In article <11*********************@m58g2000cwm.googlegroups. com>,
arnuld <ge*********@gmail.comwrote:
>#include <stdio.h>
int main () {
printf('hello world\n');
}
>i get this error:
[arnuld@arch programming]$ gcc hello.c
hello.c:5:10: warning: character constant too long for its type
hello.c: In function 'main':
hello.c:5: warning: passing argument 1 of 'printf' makes pointer from
integer without a cast
[arnuld@arch programming]$
>error 1, is pretty clear, gcc expects single character inside quotes
>what does error 2 mean?
(especially the mysterious "pointer from integer without a cast")
printf() always takes a string as its first argument.

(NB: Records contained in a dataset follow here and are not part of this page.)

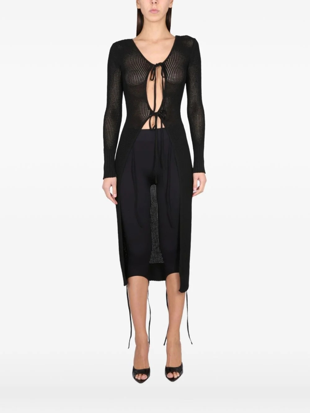 perforated long cardigan Highlights - Black - Cut-out detail - Tie detail - Long sleeves - Perforated design Imported Composition Fabric 100%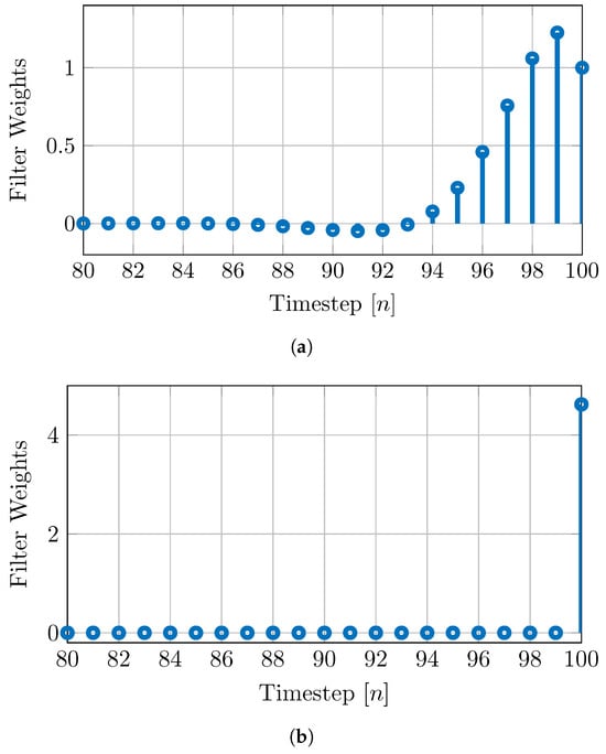 Digital filter weights of the output of the second stage () in the case of the 2-0 MASH-LI at an OSR of 100. The first stage is scaled with the single-bit coefficients of Table 1. (a) shows the weights when is designed after ECLLI,1 and (b) for ECLLI,2.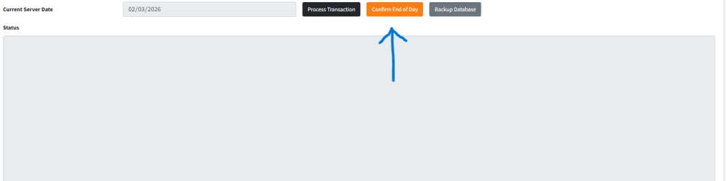 1. Once the console reads ✓ PROCESS COMPLETED SUCCESSFULLY, the orange Confirm End of Day button will become active.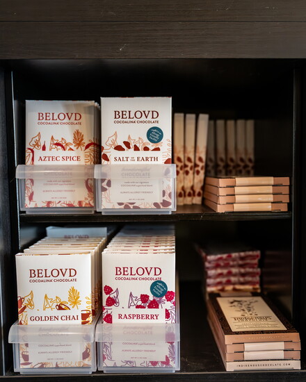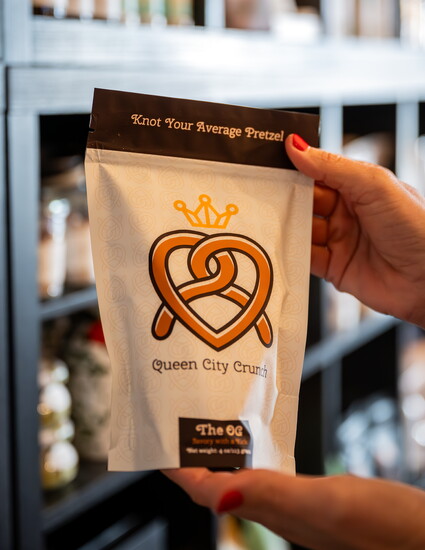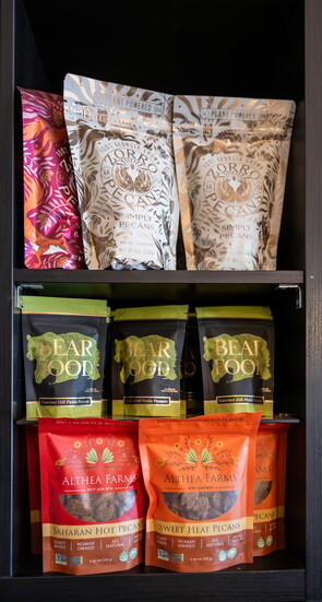 She pays tribute to her family’s Southern hospitality by offering primarily local products. The shelves at Bonnie + Bud are lined with not only Piedmont Pennies, but pretzels from Queen City Crunch, popcorn and peanuts from Bear Food in Matthews, and more.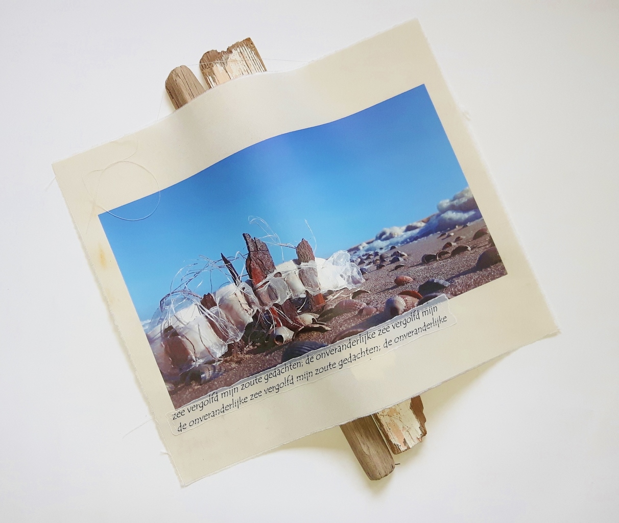 roest en visdraad gevonden aan de kust. Vervolgens geassembleerd en teruggebracht en gefotografeerd aan de kust. Afgedrukt op uitgezeild zeil

A string is a pointer to a char array, with the char array needing
to be terminated with a binary 0 byte. A literal string such as
"Hi geek\n" is equivilent to using an (unnamed) pointer to a char array
that contains 'H', 'i', ' ', 'g', 'e', 'e', 'k', '\n', 0
Thus if you had coded printf("Hi geek\n") then the pointer
to that char array would have been the first argument to printf.
But you didn't code a string literal, and you didn't pass in a point
to a char: you coded a char literal instead. In C, a char literal
is the same type as an int is -- a char is a number in C.
So you passed an int in where a pointer to char was needed, and
instead of refusing to compile the program, the compiler has guessed
that you wanted to convert that int into a pointer, as if the int
happened to be the address of the char array. The compiler
warned you that what it was doing might not be what you were expecting.
The compiler guessed wrong in this case, but it isn't uncommon for
compilers to take the guess that allows them to continue compiling
instead of taking the guess that would require them to throw up
their metaphorical hands and give up on the program.
--
"law -- it's a commodity"
-- Andrew Ryan (The Globe and Mail, 2005/11/26)